[Available data — start]

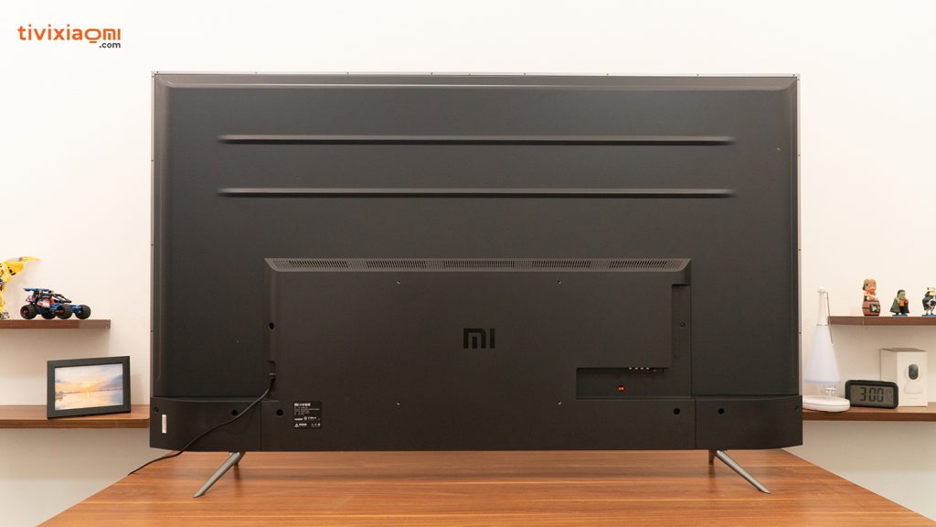 Cũng như các mẫu MiTV trước đây, Tivi PRO E75S cũng có đầy đủ hệ thống loa và các cổng kết nối được bố trí hợp lý ở mặt sau. Chúng ta có thể thấy phía bên này là vị trí dây nguồn, ở giữa là loa cùng logo Xiaomi, còn phía này sẽ là những cổng kết nối. Với cách bố trí này, TV sẽ dễ dàng kết nối hơn và vẫn đảm bảo được tính thẩm mỹ.
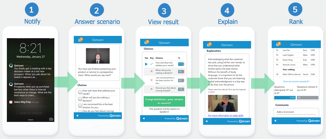 Popular sales training programs that promote microlearning include Sandler Training and Richardson’s Connected Selling Program — both of which are Qstream partners. Richardson, for example, integrates the Richardson QuickCheck™ program with Qstream’s best-practice microlearning solution to reinforce key concepts in 3-5 minutes per day, 2-3 times a week for 12 weeks. Participants are notified via email or a notification on their mobile device that a lesson is available, which contains a short selling multiple-choice scenario. As soon as the person selects an answer, they get immediate feedback.
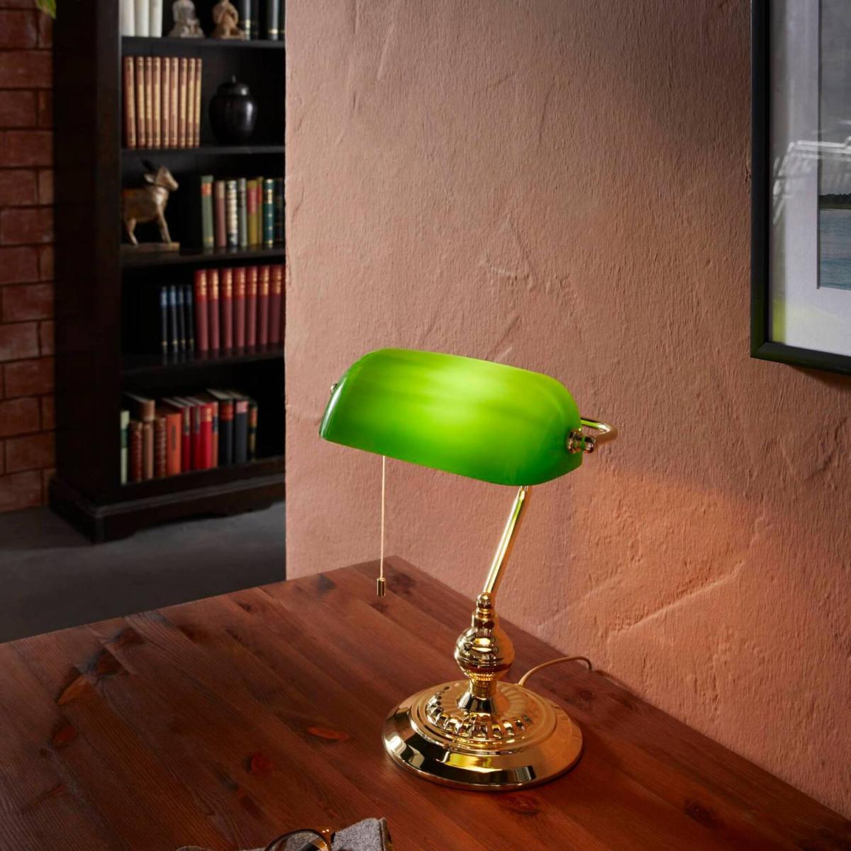 The Banker is a contemporary look at a traditional design and a stunning choice for an office or home lighting. The product has an ornate brass-coloured steel base with a painted green glass shade. The lampshade is adjustable, adding direct or ambient light where you need it most. This is a statement choice for interior lighting and is operated by a cord switch.
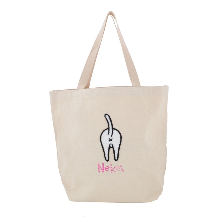 ナチュラルなコットン生地に大人気!もこもこ感がカワイイ~サガラ刺繍で人気のネコどっとキャラクターをデザインしたトートバッグ。猫ちゃん好きにはたまらないアイテムです。コットン生地は、とっても軽くて使い勝手抜群!肩掛けもOKでA4サイズ対応なので通勤・通学はもちろん、休日のショピングにと、デイリーに活躍してくれそうです。ギフトとしてもオススメです。
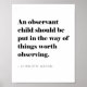 Klassisch und zeitlos, passt dieses Design zu jedem Stil. Für das Zitat wurde ein mutiger Schriftart mit eleganten Details sorgfältig ausgewählt, und für den Namen des Autors wurde ein minimalistischer, dünner Sans gewählt. Dieses Design ist für einen zeitlosen und klassischen, modernen minimalistischen Look konzipiert und bietet einen Stil, der vielseitig genug ist, um jedem Zuhause vom modernsten bis zum angesagten rustikalen Bauernhaus zu entsprechen. Dieses inspirierende Zitat wurde vor dem Hintergrund von Hauslehrern ausgewählt, kann aber auch von Lehrern und Eltern gleichermaßen geschätzt werden. Das Zitat lautet: "Ein beobachtendes Kind sollte den Dinge im Wege stehen, die es zu beobachten lohnt."
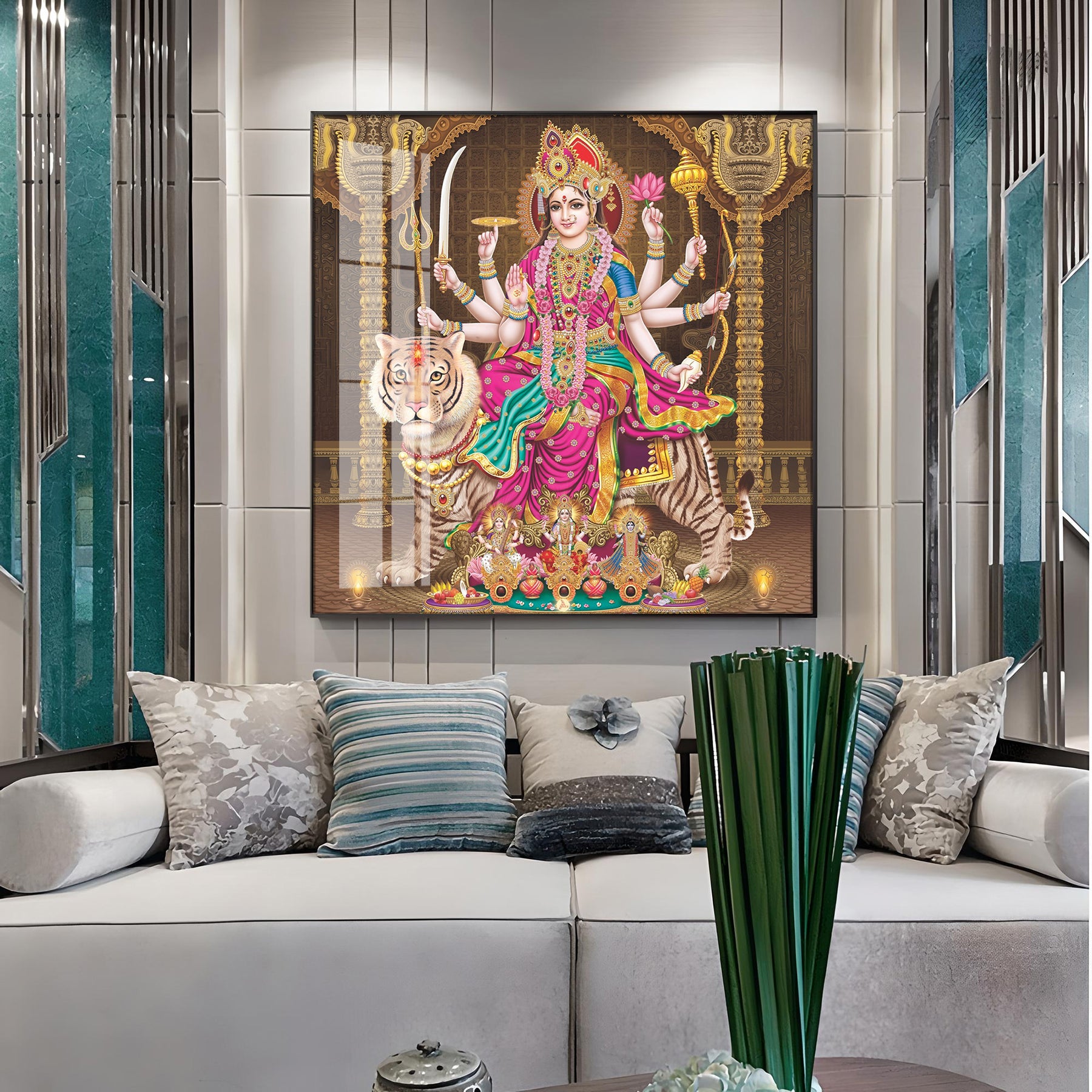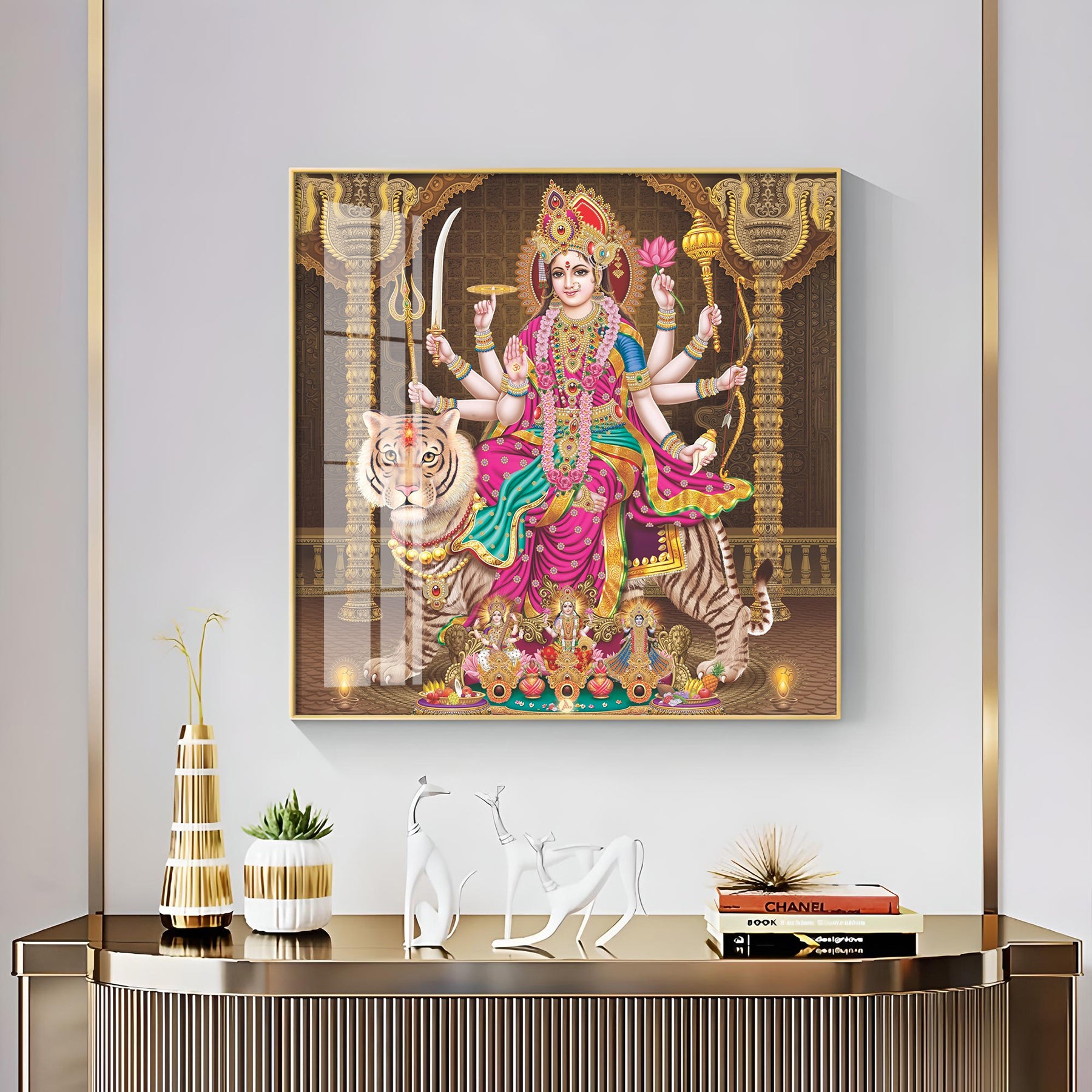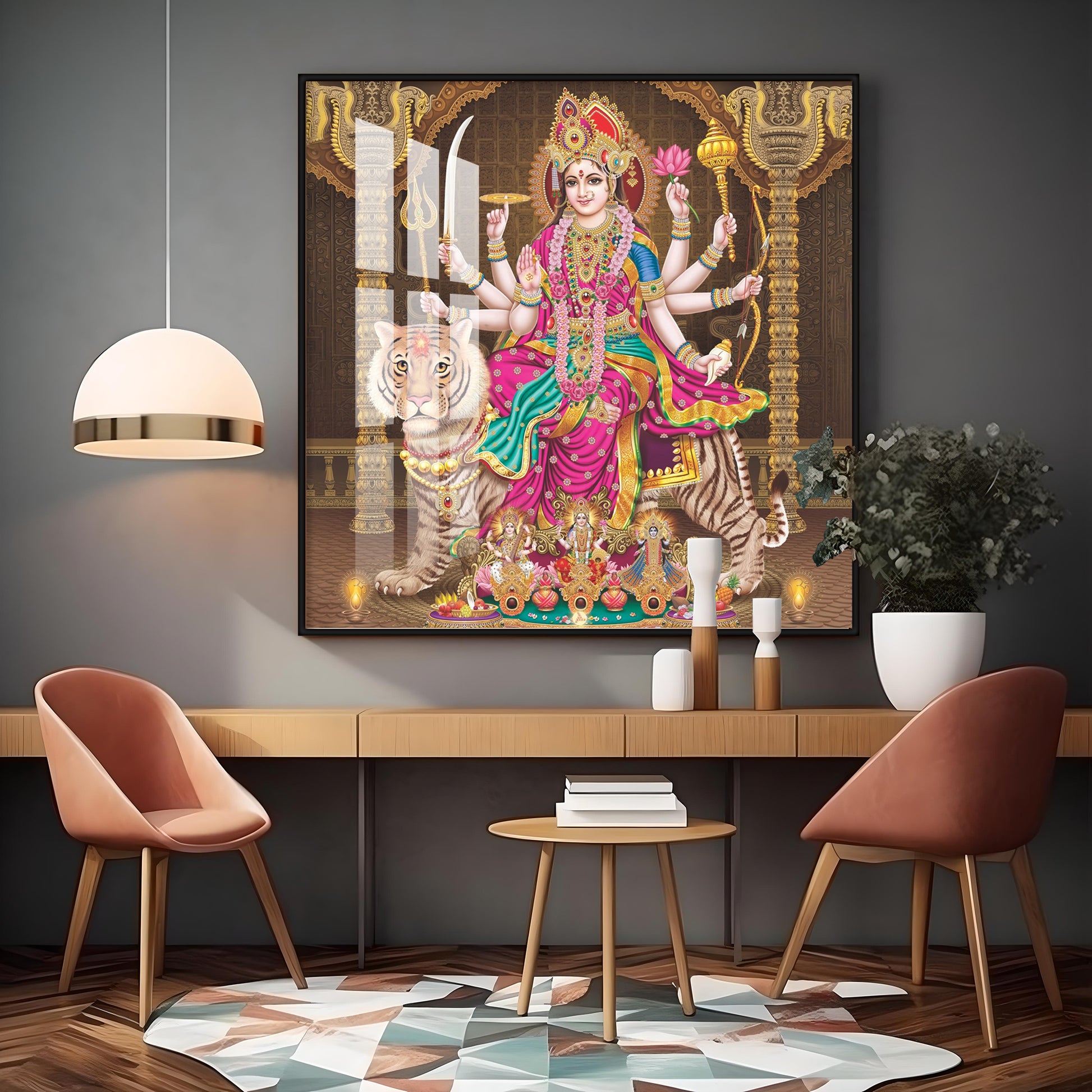 Eternal Devotion Of Durga Mata Premium Acrylic Square Wall Art

[Available data — finish]

Reproduce the lines from the one holding "Klassisch und zeitlos, passt" through the end of the entries above exactly, keeping both ends and dropping every picture.

 Klassisch und zeitlos, passt dieses Design zu jedem Stil. Für das Zitat wurde ein mutiger Schriftart mit eleganten Details sorgfältig ausgewählt, und für den Namen des Autors wurde ein minimalistischer, dünner Sans gewählt. Dieses Design ist für einen zeitlosen und klassischen, modernen minimalistischen Look konzipiert und bietet einen Stil, der vielseitig genug ist, um jedem Zuhause vom modernsten bis zum angesagten rustikalen Bauernhaus zu entsprechen. Dieses inspirierende Zitat wurde vor dem Hintergrund von Hauslehrern ausgewählt, kann aber auch von Lehrern und Eltern gleichermaßen geschätzt werden. Das Zitat lautet: "Ein beobachtendes Kind sollte den Dinge im Wege stehen, die es zu beobachten lohnt."
 Eternal Devotion Of Durga Mata Premium Acrylic Square Wall Art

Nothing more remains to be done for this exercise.